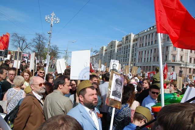 Dès le début de la parade nous avons perdu notre groupe et nous sommes retrouvées toutes deux en compagnie de deux participants du «régiment immortel», Alik et Nikita, deux jeunes Odéssites qui au lieu de marcher tranquillement à l’allure de tous, avaient pris un rythme plus rapide. N’ayant aucun point de rendez vous fixe nous n’avons pas voulu les perdre. Nous avons donc régulièrement dépassé les autres. Nous avons pu ainsi constater que la façon dont les participants à la marche recevaient notre message était bien ce que nous espérions. Nous avons toutes deux été remerciées, photographiées, filmées tout le long de l’après midi. Plusieurs fois des personnes nous ont parlé plus longuement, se sont fait photographier avec nous. La langue utilisée était le plus souvent le français, avec cet accent russe qui, bien entendu, n’était pas l’accent «inimitable» de ma grand mère mais pourtant, en écoutant bien, eh bien si, il y avait aussi de cet accent-là.
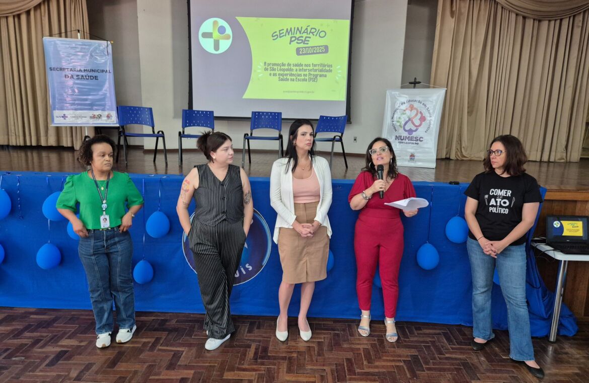 As secretarias municipais de Saúde (Semsad) e Educação (Smed) de São Leopoldo realizaram o seminário “A promoção de saúde nos territórios de São Leopoldo: a intersetorialidade e as experiências no Programa Saúde na Escola (PSE)” na manhã desta quinta-feira (23), no auditório do Colégio São Luiz. O evento marcou o mês de integração entre as duas pastas, que desenvolvem ao longo do ano ações conjuntas nas escolas públicas do município por meio do PSE, com o objetivo de promover práticas saudáveis e fortalecer o vínculo entre educação e saúde nos territórios.
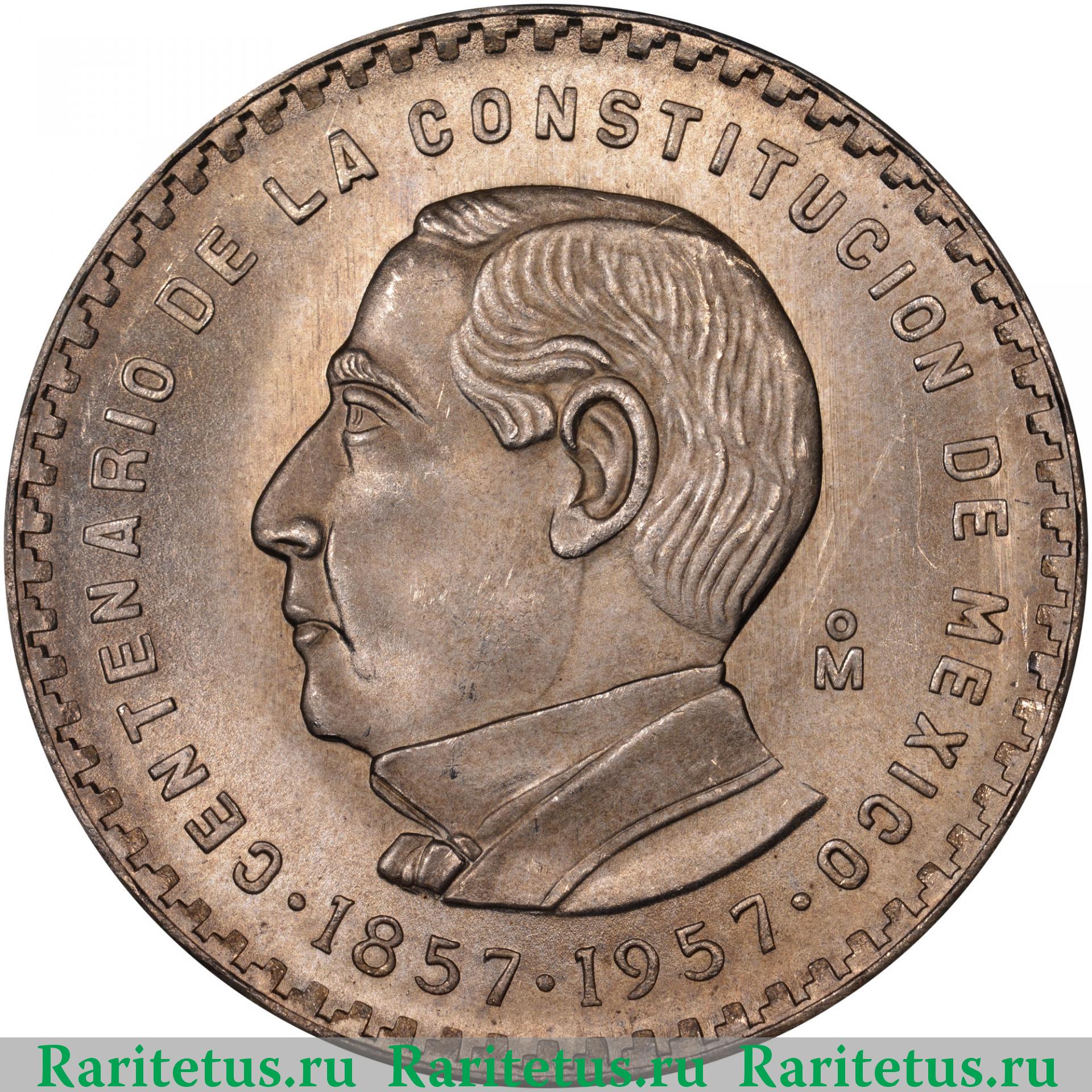1 песо (peso) 1957 100 лет Конституции Мексика
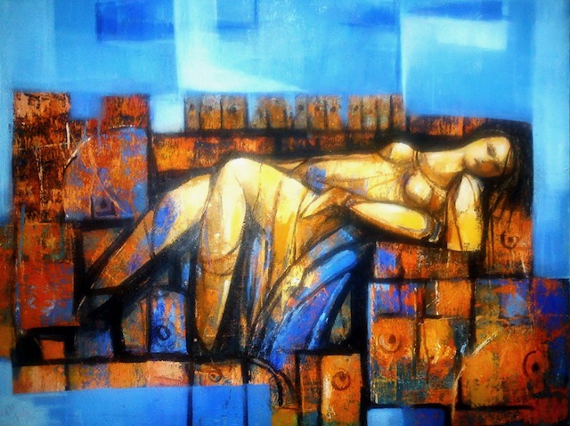 Taghreed’s father, Kadum Ibraheem, standing next to one of his paintings. He also painted the feature image for this article.

### EXERCISE
Emit the lines of the data above from the one containing "As secretarias municipais" through its final line, both endpoints included. Pictures do not belong in the output.

### SOLUTION
 As secretarias municipais de Saúde (Semsad) e Educação (Smed) de São Leopoldo realizaram o seminário “A promoção de saúde nos territórios de São Leopoldo: a intersetorialidade e as experiências no Programa Saúde na Escola (PSE)” na manhã desta quinta-feira (23), no auditório do Colégio São Luiz. O evento marcou o mês de integração entre as duas pastas, que desenvolvem ao longo do ano ações conjuntas nas escolas públicas do município por meio do PSE, com o objetivo de promover práticas saudáveis e fortalecer o vínculo entre educação e saúde nos territórios.
1 песо (peso) 1957 100 лет Конституции Мексика
 Taghreed’s father, Kadum Ibraheem, standing next to one of his paintings. He also painted the feature image for this article.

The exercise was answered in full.